“Utility of Human-Computer Interactions: Toward a Science of Preference Measurement”, Michael Toomim, Travis Kriplean, Claus Pörtner, James Landay2011-05-07 (, , ; backlinks)⁠:

The success of a computer system depends upon a user choosing it, but the field of Human-Computer Interaction has little ability to predict this user choice.

We present a new method that measures user choice, and quantifies it as a measure of utility. Our method has two core features. First, it introduces an economic definition of utility, one that we can operationalize through economic experiments. Second, we employ a novel method of crowdsourcing that enables the collection of thousands of economic judgments from real users.

Figure 1: Fittsʼ law models the time required to click a widget of a size and width—our technique can model how much people prefer to use a widget. Participants were assigned one of 3 index of difficulty conditions.
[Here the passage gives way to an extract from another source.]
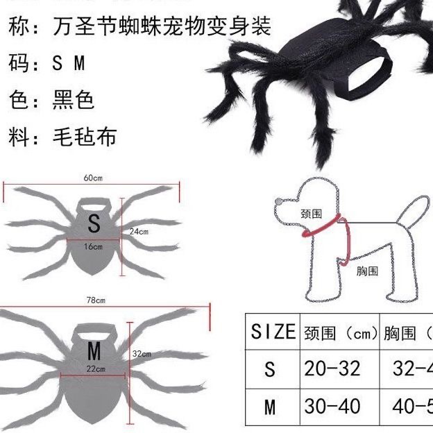 Douyinと同じスタイルの大きなクモの犬服、怖い怖いパロディーペットコート、猫と小型犬のcosコスチューム
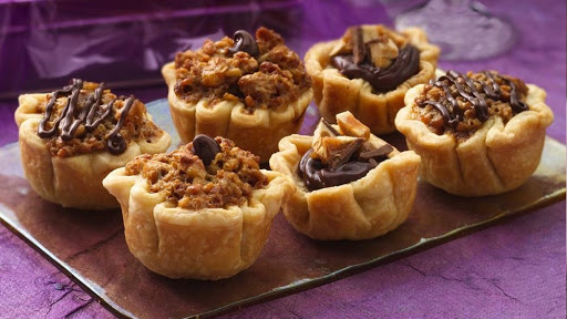 Heat oven to 450°F. Unroll pie crusts on work surface. With rolling pin, roll each crust lightly into 12-inch round. With 3-inch round cutter, cut 24 rounds from crusts, rerolling scraps as necessary. Press 1 pie crust round in bottom and up side of each of 24 ungreased mini muffin cups, so edges of crusts extend slightly above sides of cups.

Each point is the number of clicks a participant completed before quitting (points jittered to show spread). Participants preferred big buttons to small buttons (p < 0.10). Participants were allowed a maximum of 3,060 clicks each. The regression line accounts for this maximum using a Tobit analysis.

…Unfortunately, the measures used by the CHI research community—time-on-task, the number of errors, and subjective interpretations of think-aloud and survey reports—only indirectly predict whether an interface will be preferred over other alternatives. We usually do not directly measure user choice itself.

…In this paper, we take some first steps towards establishing the language, methods, and analytical tools for evaluating choice and preference of different tasks and interfaces. The core technique we introduce is a semi-automated method for posting different interfaces and tasks to a crowdsourced labor market, such as Amazon’s Mechanical Turk. These labor markets are websites where anyone can post a small task for someone else to accomplish for a small price. Our method is to create thousands of such tasks that systematically vary the interface, the price, and instructions. We then observe how many workers choose to complete the tasks, and how many times they do so. With this data, we can apply various analytical techniques to characterize user preferences for the given interfaces and tasks.

…We posted the standard Fitts’ law task to Mechanical Turk, asking workers to click back and forth between a rectangle that switched sides on the screen. Our experiment manipulated the task’s index of difficulty, by changing the size of rectangle and distance from cursor. We expected users to prefer easy tasks to difficult tasks, and in fact the data displays this trend (see Figure 1).

…Our approach is a between-subjects design, and minimizes the explicitness of workers reasoning about their choices. We call jobs “Mystery Tasks”, presenting them as a surprise or a game rather than an explicit auction (detailed later). Workers do not know that their activities are being aggregated to infer net utility. This technique is simple, direct, and requires few assumptions. The downside is that it requires a large amount of data, because every completed job provides only one bit of information: whether the user accepted the job, or not. Luckily, obtaining this amount of data is feasible with Mechanical Turk.

Figure 7: Survival graph for the Aesthetics & Feedback study. We made two interfaces for answering CAPTCHAs: one “pretty” (A), one “ugly” (B), but identical in behavior. The survival graph shows how many workers made it through how many tasks, for each of our 4 experimental conditions. The shaded regions are 95% confidence intervals. At the far left, 100% of these workers looked at the task, but only 10% to 40% completed 10 tasks (100 CAPTCHAs). Note that the Pretty and Ugly lines are separated at the left, but converge toward the right. This suggests either that the utility effect of esthetics fades over time, or that the types of users who complete many CAPTCHAs are more concerned with pay than esthetics.

…One interface had a clear, minimalist design, and the other had gaudy colors, small fonts, and a distracting animated GIF advertisement (Figure 7A & Figure 7B)…We also estimated the effect of esthetics on labor supply, as we did with the Fitts’ law study. The results show that the effect of esthetics and feedback is substantial: all else equal, the Pretty style of the interface produces 58% more use. This is statistically-significant at p = 0.02.